Firebug and All Its Fancy: Powering A Web Revolution

John Resig (creator of JQuery) posted an absolutely great piece on how JavaScript/DOM debugger/profiler extension Firebug is truly powering a web revolution.

He examines in good detail some of the things Firebug has enabled developers to do: Things like real-time analysis of applied styles to elements of the DOM and how exactly your stylesheets cascade, let alone the ability to manipulate them in-browser. Things like the ability to profile JavaScript and network performance with a level of granularity and accuracy you could only dream of before—let alone the ability to monitor AJAX calls and debug them. And a bunch more.

He also posits what’s next for Firebug, with some good suggestions for things like visual performance profiling, AJAX-request manual triggering and a few others.

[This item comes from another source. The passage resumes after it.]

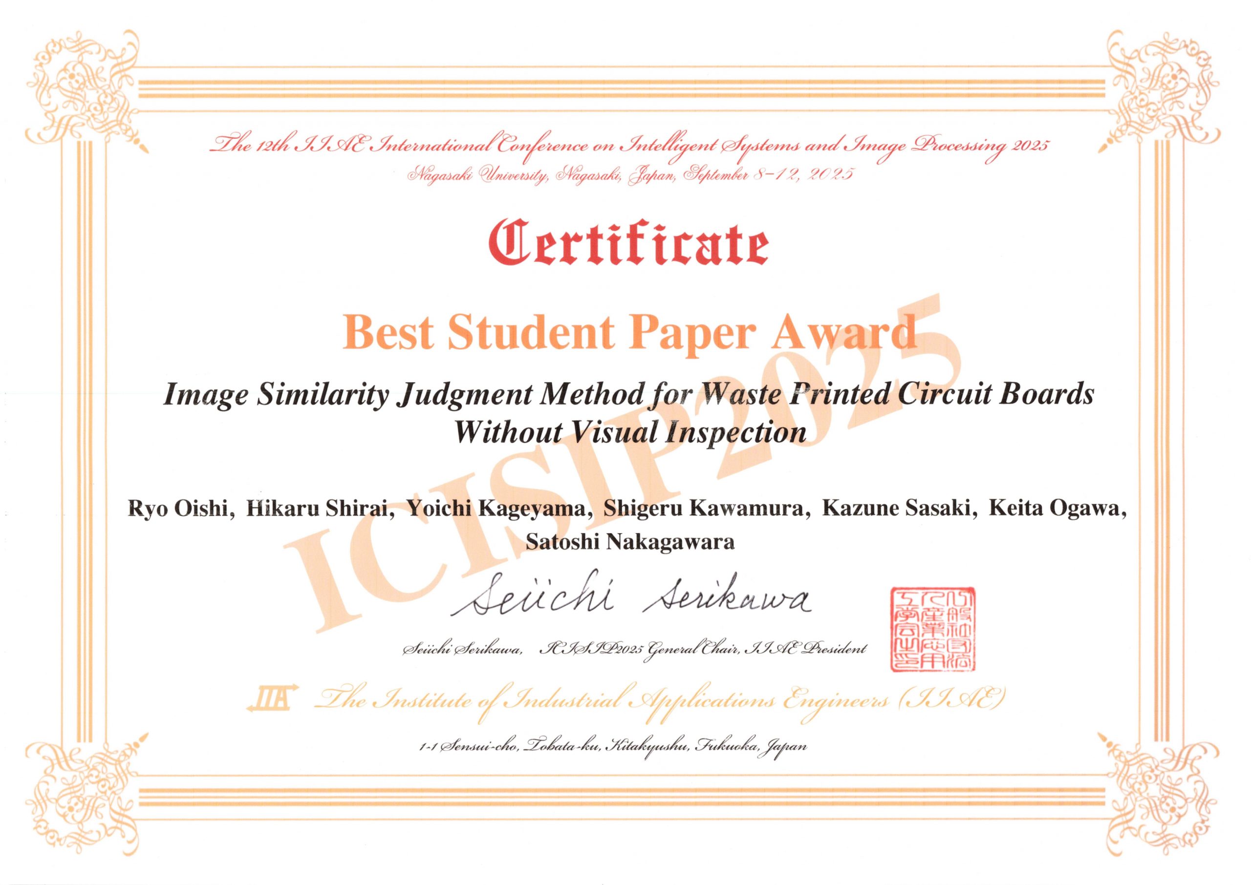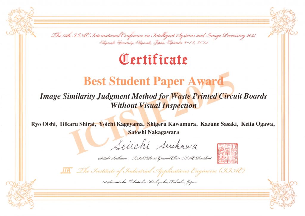 ・Ryo Oishi, Hikaru Shirai, Yoichi Kageyama, Shigeru Kawamura, Kazune Sasaki, Keita Ogawa, Satoshi Nakagawara : Image Similarity Judgment Method for Waste Printed Circuit Boards Without Visual Inspection, The 12th IIAE International Conference on Intelligent Systems and Image Processing 2025 (ICISIP2025), G5-4

What’s most fascinating to me, though, is the sheer volume of downloads of the Firebug extension. We’re talking 6.2 million downloads since its release. Consider that number for a second. Even if 70% of those are duplicate downloads and only 30% of those downloads are unique users, that’s still 1.8 million developers. Now, Firebug isn’t an add-on for regular users. It’s strictly a power-user/developer tool. Hell, even the Firebug plugin YSlow has over 380,000 downloads.

I think it speaks volumes about the state of the industry and the real web revolution we have on our hands here: Creating applications, making useful tools and delivering quality results are elements within reach of so many more individuals, with such lower barriers to entry, considerably lower costs and a greatly smoothed learning curve.